Brosius-Gersdorf: Statement zum Plagiat
"Morgen kommt die Stellungnahme", verwies die Juristin bei "Lanz" auf das Ergebnis einer Prüfung, die sie und ihr Mann bei einer auf solche Fälle spezialisierten Rechtsanwaltskanzlei in Auftrag gegeben hätten: "Mehr habe ich dazu heute nicht zu sagen."
Tatsächlich scheinen vor allem die Positionen der Verfassungsrechtlerin etwa beim Thema Abtreibungen ihr in der CDU Stimmen gekostet zu haben. Brosius-Gersdorf widersprach heftig dem Vorwurf, sie habe Embryos das Lebensrecht abgesprochen oder sei für Schwangerschaftsabbrüche bis zur Geburt.
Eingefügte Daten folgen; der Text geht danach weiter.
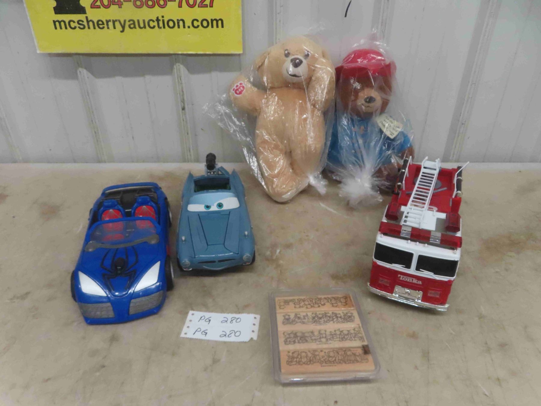 3 Sand Box/ Beach Toys + 2 Plus Toys ; Paddington Bear, Teddy Bear & Stamp Up Rubber Stamp Set - unused ' Teddy Friends

Doch wenn Embryos die gleichen Grundrechte eingeräumt würden wie Müttern, sei ein Schwangerschaftsabbruch niemals zu rechtfertigen. Deshalb habe sie sich dafür ausgesprochen, Abtreibungen in der Anfangsphase für rechtmäßig zu erklären, gegen Ende der Schwangerschaft hingegen die Rechte des Embryos stärker zu gewichten als die der Mutter.
Das, so betonten die Juristin und auch Lanz, sei übrigens die Mehrheitsmeinung der Deutschen – und deckt sich laut dem Gast außerdem mit den Plänen der Regierung, dass frühe Schwangerschaftsabbrüche anders als heute von den Krankenkassen bezahlt werden sollen. Das gehe nämlich nur, wenn der Eingriff rechtmäßig sei: "Das heißt, im Ergebnis passt zwischen den Koalitionsvertrag und meine wissenschaftliche Position kein Blatt."
Brosius-Gersdorf sagte, sie wolle mit ihrem Besuch bei Lanz vor allem einen Beitrag zur Versachlichung der Debatte leisten. Sie berichtete von Drohungen und Schmähungen, die sie sich in ihren schlimmsten Träumen nicht habe vorstellen können. "Das kann ich mir nicht länger gefallen lassen. Das ist infam", sagte sie und wiederholte ihren Vorwurf speziell an einige Medien, ihre Positionen falsch dargestellt zu haben. Wenn man das schon mit ihr mache, als einer Wissenschaftlerin auf einer Position aus der Mitte der Gesellschaft heraus, schüre das Ängste, wie gut die Bevölkerung in wirklich schweren Zeiten informiert werden würde, warnte sie.